From the line with "Bring rugged elegance" through the line with "Movie Summary is", inclusive, return each line of the data below exactly and leave the rest out.

:: Data for this exercise

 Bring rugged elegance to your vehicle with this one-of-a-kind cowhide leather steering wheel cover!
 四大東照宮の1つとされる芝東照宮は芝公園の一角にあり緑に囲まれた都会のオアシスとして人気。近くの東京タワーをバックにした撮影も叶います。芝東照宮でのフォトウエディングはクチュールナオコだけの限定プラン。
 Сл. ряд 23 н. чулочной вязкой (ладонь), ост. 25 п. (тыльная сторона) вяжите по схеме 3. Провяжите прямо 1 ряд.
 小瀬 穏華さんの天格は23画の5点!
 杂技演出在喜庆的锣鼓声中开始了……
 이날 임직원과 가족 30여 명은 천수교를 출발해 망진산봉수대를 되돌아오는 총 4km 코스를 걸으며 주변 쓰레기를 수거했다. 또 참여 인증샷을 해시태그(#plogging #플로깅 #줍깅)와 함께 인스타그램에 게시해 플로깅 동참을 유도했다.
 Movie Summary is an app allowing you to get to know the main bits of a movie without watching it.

::::
:: Data for this exercise

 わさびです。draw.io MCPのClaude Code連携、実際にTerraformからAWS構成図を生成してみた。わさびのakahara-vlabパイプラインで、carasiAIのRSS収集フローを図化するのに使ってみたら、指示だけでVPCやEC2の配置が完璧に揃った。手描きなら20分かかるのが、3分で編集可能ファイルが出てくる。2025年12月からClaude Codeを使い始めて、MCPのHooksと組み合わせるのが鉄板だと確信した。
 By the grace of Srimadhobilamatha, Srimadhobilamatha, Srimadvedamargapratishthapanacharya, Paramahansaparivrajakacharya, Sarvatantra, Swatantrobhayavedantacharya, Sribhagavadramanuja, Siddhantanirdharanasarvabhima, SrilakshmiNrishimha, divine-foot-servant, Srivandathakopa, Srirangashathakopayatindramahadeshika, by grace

::::
:: Data for this exercise

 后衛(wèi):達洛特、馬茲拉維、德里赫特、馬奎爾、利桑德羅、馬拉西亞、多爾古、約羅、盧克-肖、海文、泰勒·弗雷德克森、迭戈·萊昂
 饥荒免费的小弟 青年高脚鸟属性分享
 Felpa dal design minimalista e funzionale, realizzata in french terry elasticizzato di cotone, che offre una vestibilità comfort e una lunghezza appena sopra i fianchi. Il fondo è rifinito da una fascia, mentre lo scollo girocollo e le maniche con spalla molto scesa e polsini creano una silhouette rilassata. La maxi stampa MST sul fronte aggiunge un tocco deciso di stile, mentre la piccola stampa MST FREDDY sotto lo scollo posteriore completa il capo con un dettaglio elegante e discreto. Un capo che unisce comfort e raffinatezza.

::::

» **Reply to the exercise**:
 Bring rugged elegance to your vehicle with this one-of-a-kind cowhide leather steering wheel cover!
 四大東照宮の1つとされる芝東照宮は芝公園の一角にあり緑に囲まれた都会のオアシスとして人気。近くの東京タワーをバックにした撮影も叶います。芝東照宮でのフォトウエディングはクチュールナオコだけの限定プラン。
 Сл. ряд 23 н. чулочной вязкой (ладонь), ост. 25 п. (тыльная сторона) вяжите по схеме 3. Провяжите прямо 1 ряд.
 小瀬 穏華さんの天格は23画の5点!
 杂技演出在喜庆的锣鼓声中开始了……
 이날 임직원과 가족 30여 명은 천수교를 출발해 망진산봉수대를 되돌아오는 총 4km 코스를 걸으며 주변 쓰레기를 수거했다. 또 참여 인증샷을 해시태그(#plogging #플로깅 #줍깅)와 함께 인스타그램에 게시해 플로깅 동참을 유도했다.
 Movie Summary is an app allowing you to get to know the main bits of a movie without watching it.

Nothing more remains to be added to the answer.